A la veille des élections législatives finlandaises du 17 avril, retour avec la chercheuse à l'Institut nordique pour les lois environnementales et les minorités Tanja Joona sur une histoire d'amour haine faite pour durer.
Cafebabel.com : Qui sont les Samis à l’origine ? Peut-on encore définir qui est Sami dans la société mixte moderne ?
Tanja Joona : Les Samis sont un peuple autochtone de la Fennoscandie (la péninsule regroupant la Norvège, la Suède la Finlande et la Laponie) et de la Russie. La loi finlandaise définit ce qu’est un Sami. Elle est utilisée auprès du Parlement Sami (l’organe représentatif des Sami), afin qu’une personne s’identifiant comme telle puisse devenir électeur de cette instance. En Finlande, cette échéance électorale permet de recenser régulièrement la population Sami : actuellement, elle est d’environs 9200 personnes. Le problème émerge alors de savoir si tous les Samis sont bien recensés dans ce cadre précis. En Suède et en Norvège, par exemple, l’estimation du nombre total des Samis est supérieure aux simples inscrits sur les listes électorales. La définition de ce qu’est un Sami est un problème difficile qui a été beaucoup débattue.
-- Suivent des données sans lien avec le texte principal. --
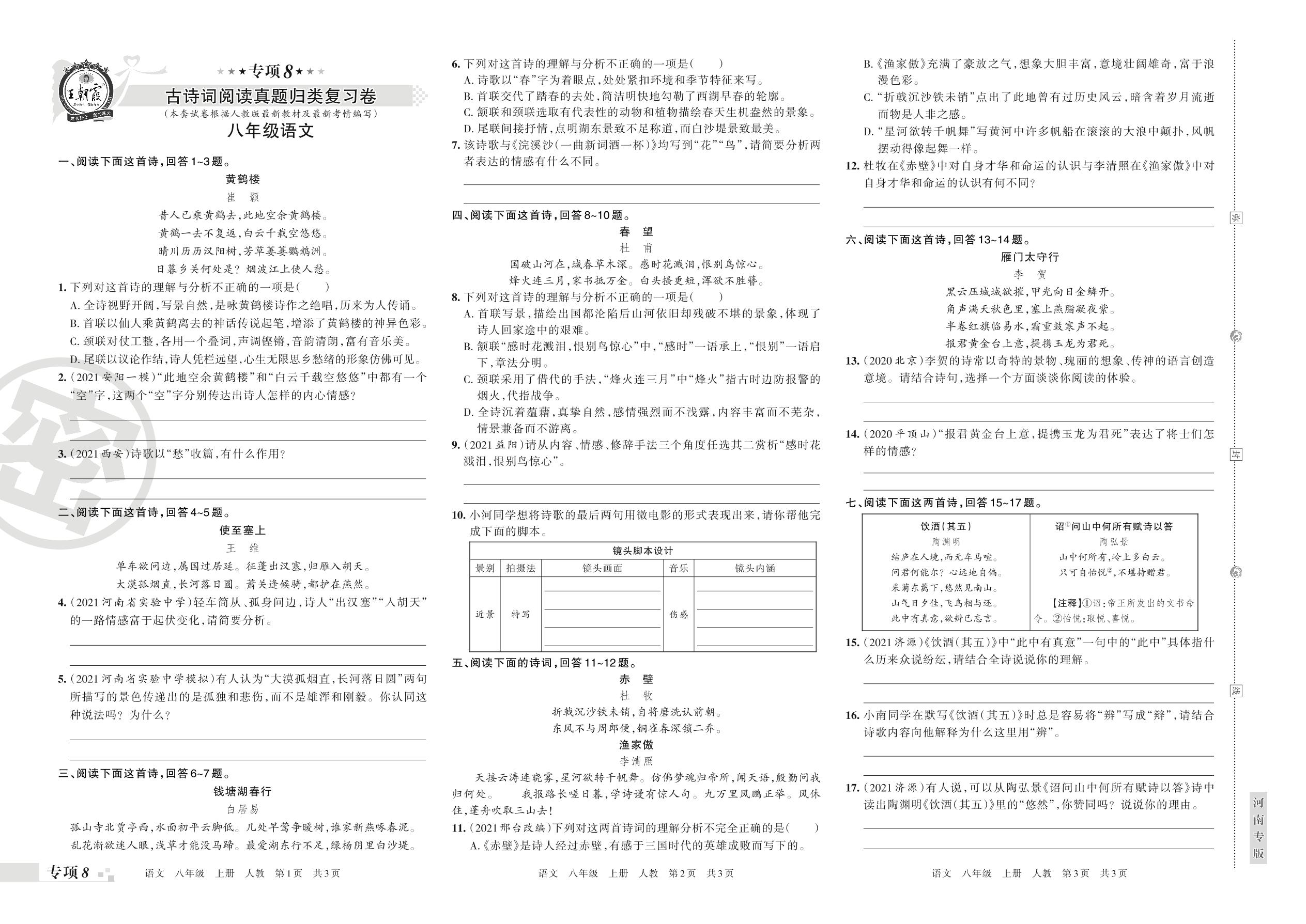 王朝霞期末专项卷——古诗词阅读真题归类复习卷八年级上册语文(人教版)_R211225111039364【8】
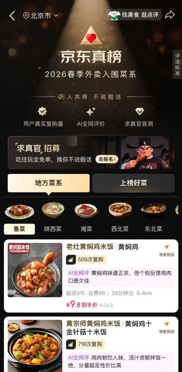 同步上线的京东真榜,在京东点评页面上方设有入口,用户也可通过搜索“京东真榜”“真榜”直达京东真榜榜单。该榜单以“万人共荐,不说假话”为口号,目前分为“地方菜系”和“上榜好菜”两大类目,不仅展示上榜菜品的复购次数、AI全网评价、单价等核心信息,还提供导航到店服务。
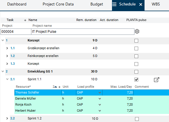 • Activate the PLANTA pulse checkbox in the record of the Sprint 1.1 task.
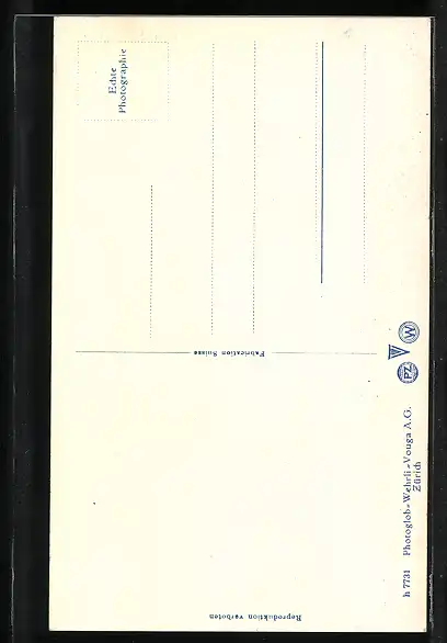 Personenbezogene Daten auf der Rückseite der Karte wurden durch blauen Textmarker unkenntlich gemacht. Die blauen Stellen sind auf die Vorderseite durchgeweicht und wirken sich negativ auf das Postkartenfoto aus
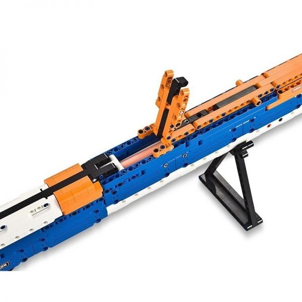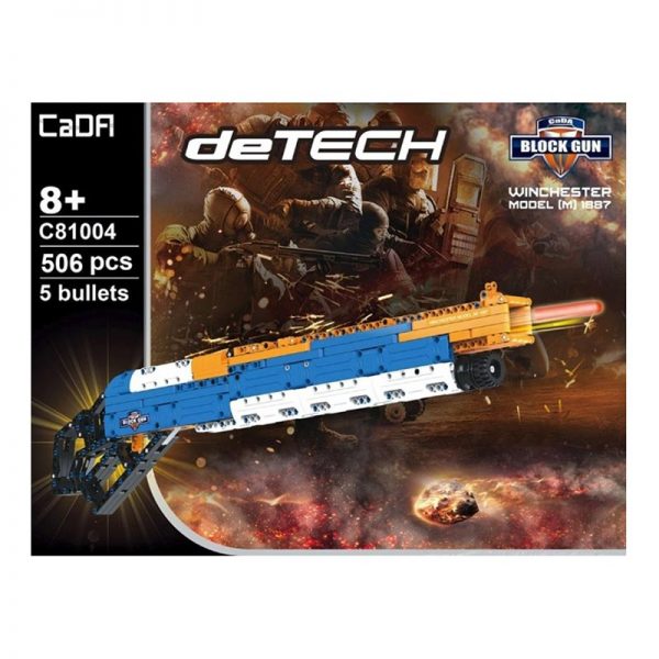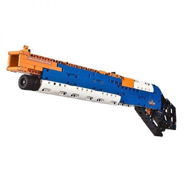 Build your own Winchester Rifle! It is a copy of the American Winchester Model 1887 pistol. The presented model of the rifle has 506 bricks for self-assembly! The rifle has the ability to fire bullets, the set includes 5 “bullets”. In order to shoot more accurately, it is possible to mount the weapon on the supporting triangle.

Cafebabel.com : L’histoire entre les communautés finlandaise et Sami est douloureuse et complexe. Quelle est la situation actuelle des Sami dans la société finlandaise ?
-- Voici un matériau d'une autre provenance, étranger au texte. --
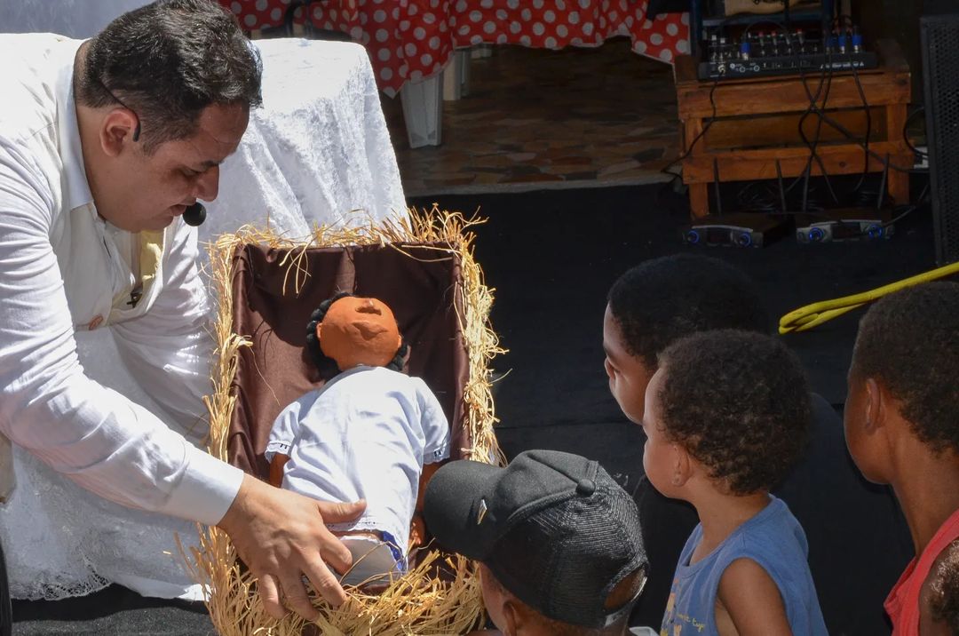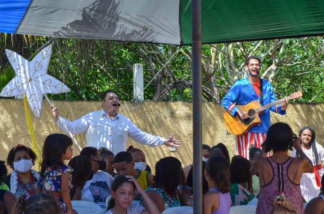 Nesta manhã do dia 05 de Dezembro de 2022 levamos nossa Folia para a Casa de Acolhimento Clara e Miguel em Itaipú. Lona levantada para uma apresentação de “Auto da Estrela“, um emocionante encontro de teatro com as famílias da Ação Social LilaeRO .
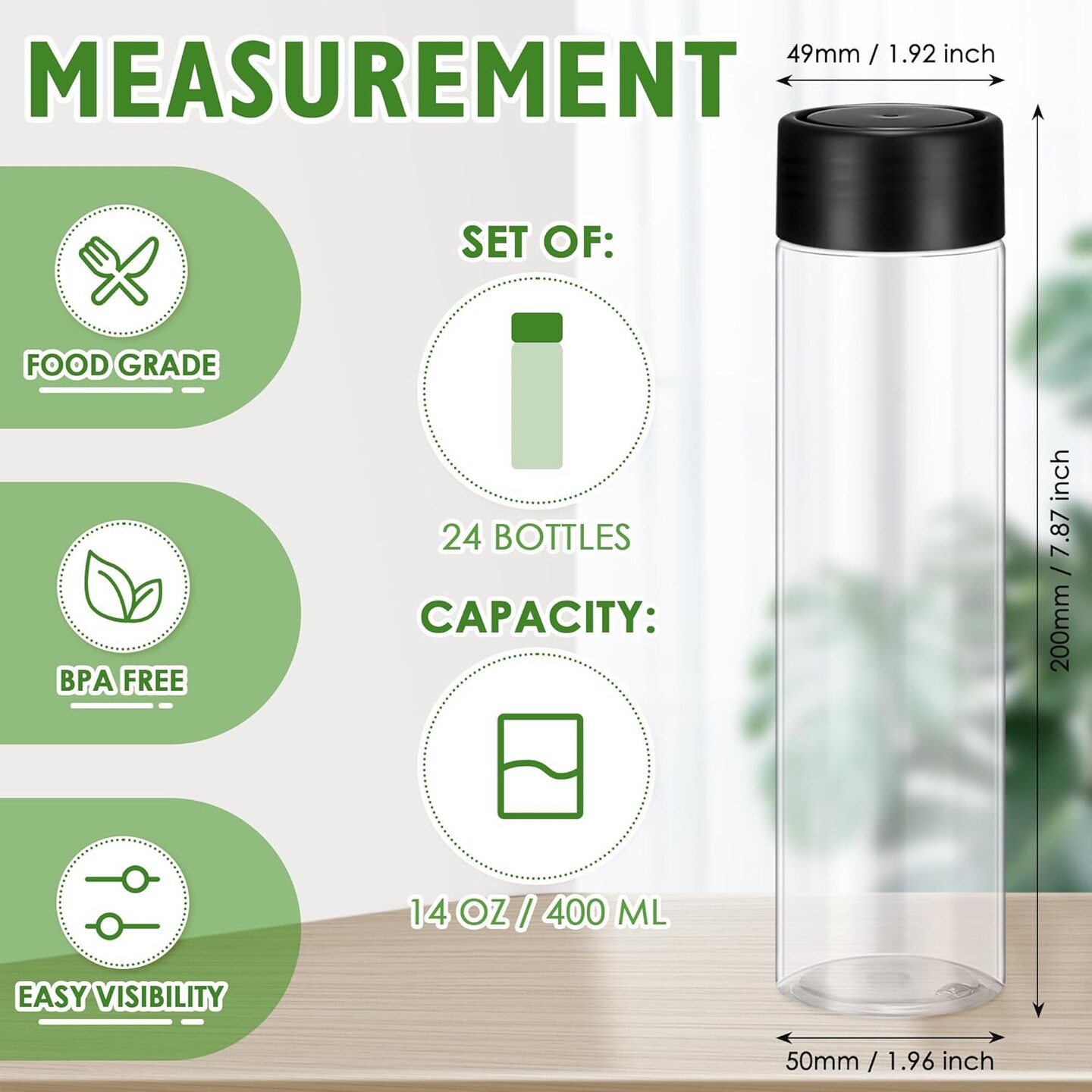 24 Pcs 13.5 oz 400 ml Plastic Juice Bottles with Caps (Clear)
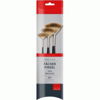 Schilderen - Penselen ‐Polyestervezel, voor Aquarel,‐Olie‐, Acryl‐ en Plakkaatverf <naar overzicht> Penselenset AMI Waaier Synthetic 3stuks Art Material International Penselenset-Waaierpenseel Synthetic Filament 2+8+12

Tanja Joona : Le niveau de vie des Samis actuellement ne diffère plus vraiment de celui de l’ensemble de la société. Dans le nord de la Finlande, les conditions sociales et d’emploi sont les mêmes pour tous les habitants. Certains Samis ont encore un mode de vie traditionnel, basé sur l’élevage des rennes, la pêche et la chasse, tout comme nombre d’autres habitants de la région lapone. Plus de la moitié de ces 9200 personnes vivent en dehors du territoire Sami, un territoire dans lequel la législation leur garantit l’autonomie culturelle. D’importantes communautés Sami peuvent être trouvées dans les villes du Sud de la Finlande. : Rovaniemi, Oulu et Helsinki. Dans ces villes, les Samis observent le même mode de vie social et professionnel que les Finlandais. Les enfants peuvent y suivre des enseignements de la langue Sami, dans les crèches et à l’école.
Cafebabel.com : La Finlande est signataire d’un grand nombre de conventions reconnaissant les droits fondamentaux des Sami. Pourtant, la Convention n°169, semble poser plus de problème. Le 1er janvier 2011, les dirigeants finlandais ont encore voté contre sa ratification. Pourquoi un tel blocage ?
Tanja Joona : La Convention ILO stipule dans son article 14 l’obligation pour l’Etat de reconnaître « aux peuples concernés le droit de propriété et de possession de leurs territoires traditionnellement occupés ». Le débat en Finlande consiste à savoir si l’article entend par là réellement la « propriété », ou s’il est plutôt question d’ « administration », ou même d’usufruit plus important encore pour les éleveurs de rennes. La propriété est un droit très fort au niveau de l’Etat, et il lui serait difficile de concéder une part si grande de ses revenus économiques à une minorité de la population.
Cafebabel.com : La Finlande a plutôt l’image d’un pays libéral, moderne et démocratique. Comment expliquez-vous que la Norvège ait ratifié cette convention envers sa minorité sami en 1990 tandis que la Finlande et la Suède hésitent encore ?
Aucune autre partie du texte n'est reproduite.